What I would like to see in the future is that MapReduce capability is integrated with functional programming in such a way that calling a map/reduce function on a typed collection that recognizes that the typed collection is backed by a NoSQL database that it seamlessly spawns the function to the NoSQL stores in a MapReduce fashion.

I want to do something like the following:

Seq.map myfunc myRiakCollection

and the compiler/runtime will automatically convert myfunc into an appropriate form to run on all the data nodes and returns the results. But since we're not there yet, we need to do a little more work.

Some additional items to note, Riak Handbook warns that:

MapReduce in Riak is not exactly the same as Hadoop, where you can practically analyze an infinite amount of data. In Riak, data is pulled out of the system to be analyzed. That alone sets the boundaries of what's possible.

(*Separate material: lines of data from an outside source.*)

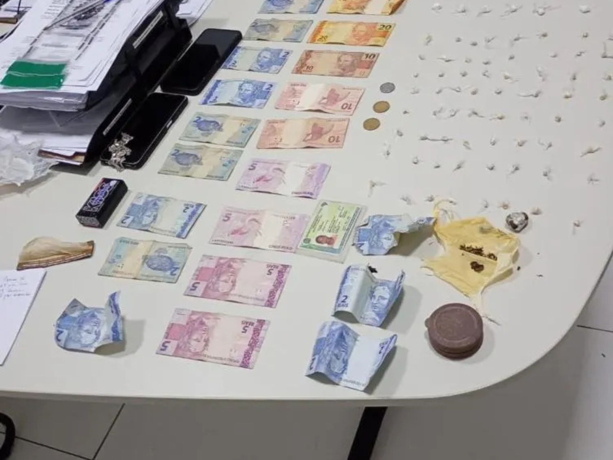 Durante a busca pessoal, os militares encontraram R$ 269,00 em dinheiro e uma grande quantidade de entorpecentes já fracionados para possível venda. Ao todo, foram apreendidos:
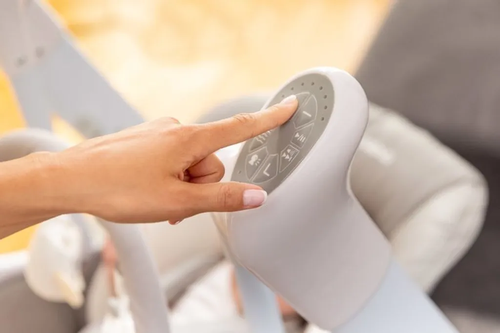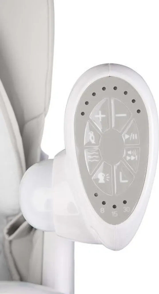 Die große und 4-stufig verstellbare Lehne und die elegante und weiche Polsterung sorgen für angenehmen Komfort. Diese Polsterung ist abnehmbar und leicht zu reinigen. Mit dem Timer kann die Schaukel automatisch nach 8, 15 oder 30 Minuten abgeschaltet werden.
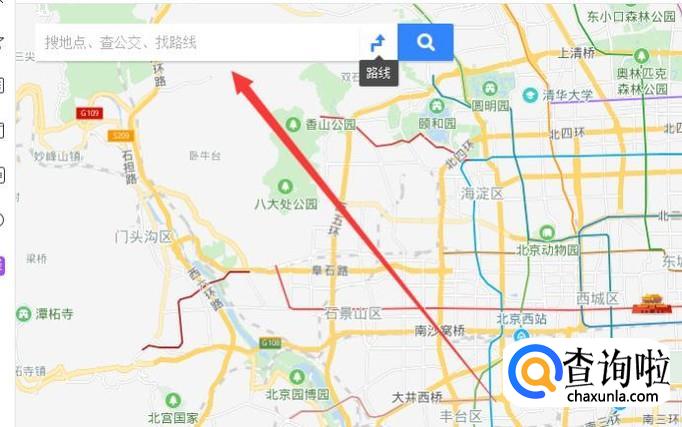在图示位置搜索想要去的地点,以三里屯为例,如图所示。
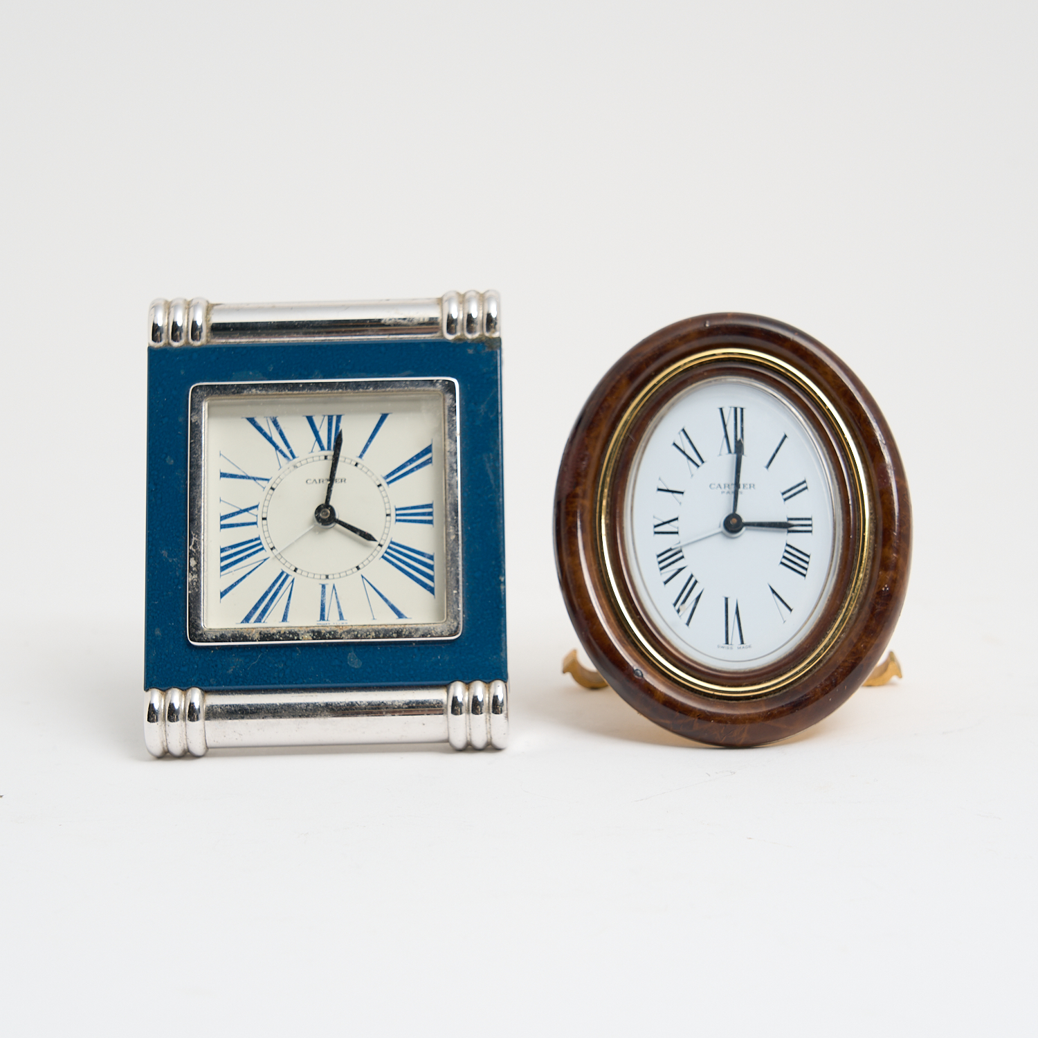 TWO CARTIER TRAVEL ALARM CLOCKS, ONE ENAMELED IN DEEP BLUE WITH CHROME HIGHLIGHTS, THE OTHER OF OVAL FORM WITH FAUX WALNUT FINISH H.10 CM (LARGEST)
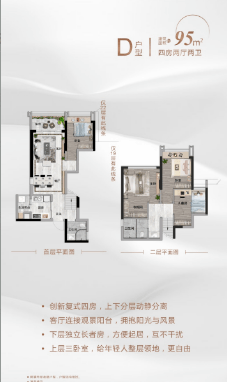 越秀星汇瀚府主推建面约95㎡复式四房、110-118㎡平层四房两大核心产品,以高使用率、优格局、强功能性,适配现代家庭多元居住需求,成为映月新城户型标杆之作。建面约95㎡咬合复式四房产品,为区域稀缺创新户型,6米挑高空间设计,上下分层布局,实现动静完全分区,三代同堂居住互不干扰,私密性与舒适度兼备;户型使用率接近100%,无空间浪费,四房设计满足多孩家庭、三代同堂居住需求;双面宽观景阳台设计,采光效果优异,IMAX级景观视野尽揽社区园林与城市景观,小户型实现大格局居住体验。建面约110-118㎡纯南向平层四房产品,采用方正通透格局,四开间朝南设计,通风采光条件优越,室内全明无暗角;LDK一体化公共空间设计,拓展家庭活动尺度,满足社交、聚餐、亲子互动需求;主卧套房配备独立卫浴与观景飘窗,保障居住私密性与舒适度;多卧室灵活布局,可改造为儿童房、书房、储物间,适配不同家庭阶段需求。两大户型均遵循人体工程学设计,空间动线合理,功能分区科学,兼具实用性与舒适性,以硬核产品力满足广佛家庭品质居住需求。
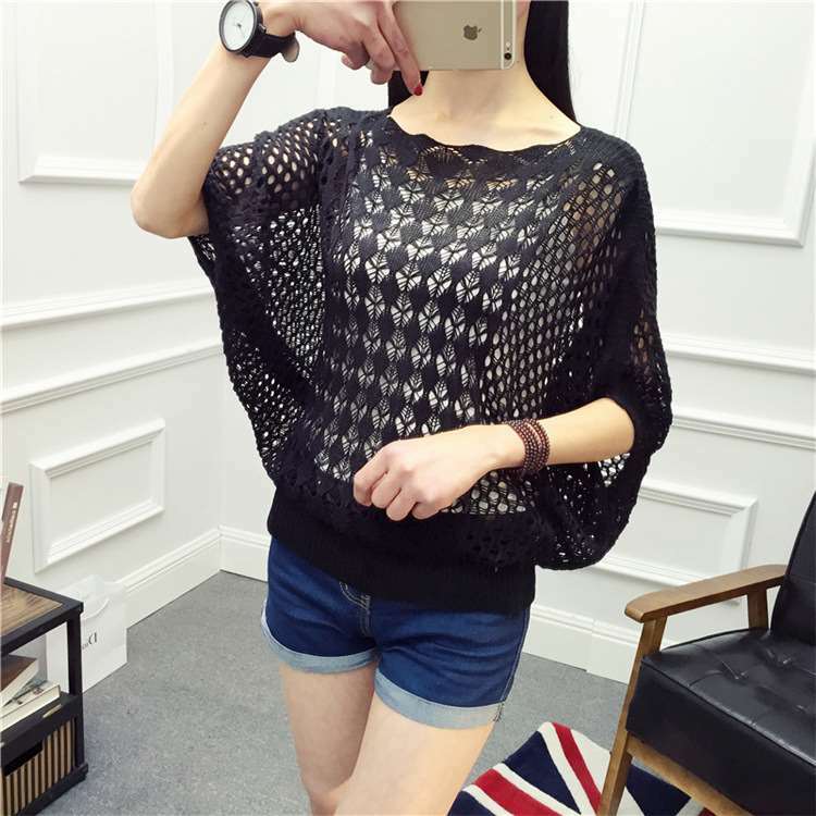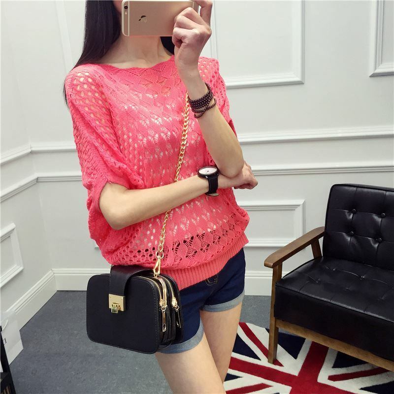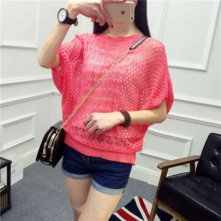 ≪入荷待ち≫ トップス サマーニット レディース 体型カバー 透かし編み 半袖 夏 ゆったり グリーン ブラック ベージュ ピンク ブルー イエロー
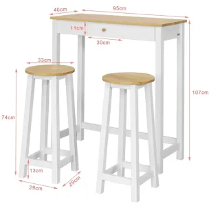 Conjunto de mesa alta con dos taburetes. - Diseño moderno y funcional. - Acabado en madera y blanco.
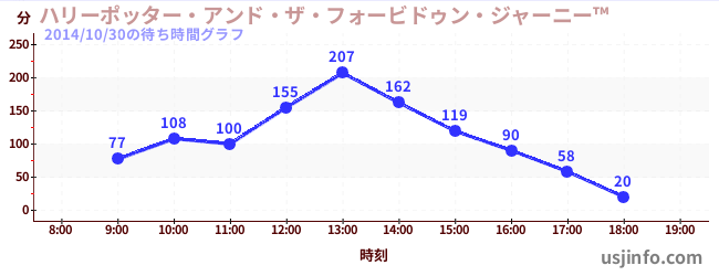 • ハリーポッター・アンド・ザ・フォービドゥン・ジャーニー™$B$N(B2014年10月30日の待ち時間
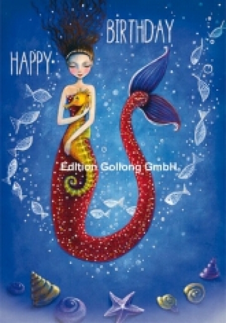 Klappkarte Happy Birthday, Meerjungfrau[EGMM1-3632]Klappkarte mit Umschlag ~ Folienprägung |
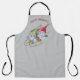 Le tablier Whimsical Holiday présente l'aquarelle d'une paire de gnomes sur un traîneau à mouvement rapide. Arrière - plan gris avec texte personnalisable dans une police rouge foncé moderne.
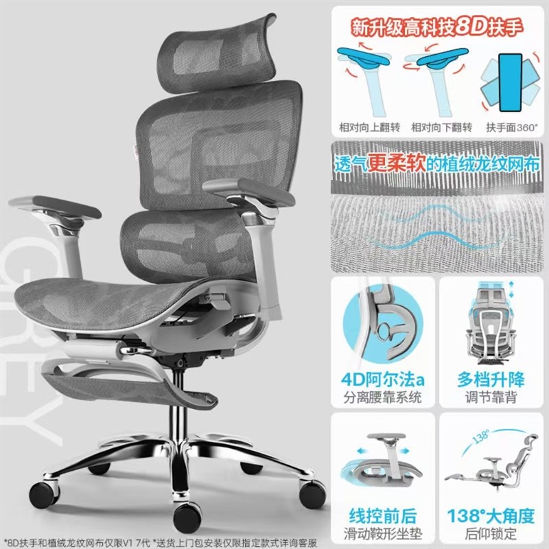 v1 7代电脑椅家用植绒网布办公椅人体工学椅可升降游戏椅学习椅子
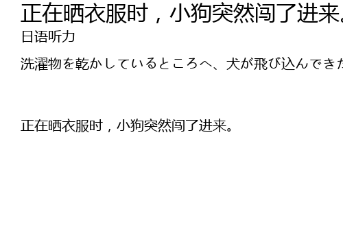 zhèng zài shài yī fú shí, xiǎo gǒu tū rán chuǎng le jìn lái.

This is further reinforced by this following mailing list entry in a response from Sean Cribbs, developer advocate from Basho:

...Riak's MapReduce is designed for low-latency queries, but it's also designed for "targeted" queries where you don't slurp the entire contents of a bucket from disk. Structure your data so that you can know -- or deterministically guess -- what keys should be involved in your query. Then you won't be trying to fetch and filter all of the data all the time.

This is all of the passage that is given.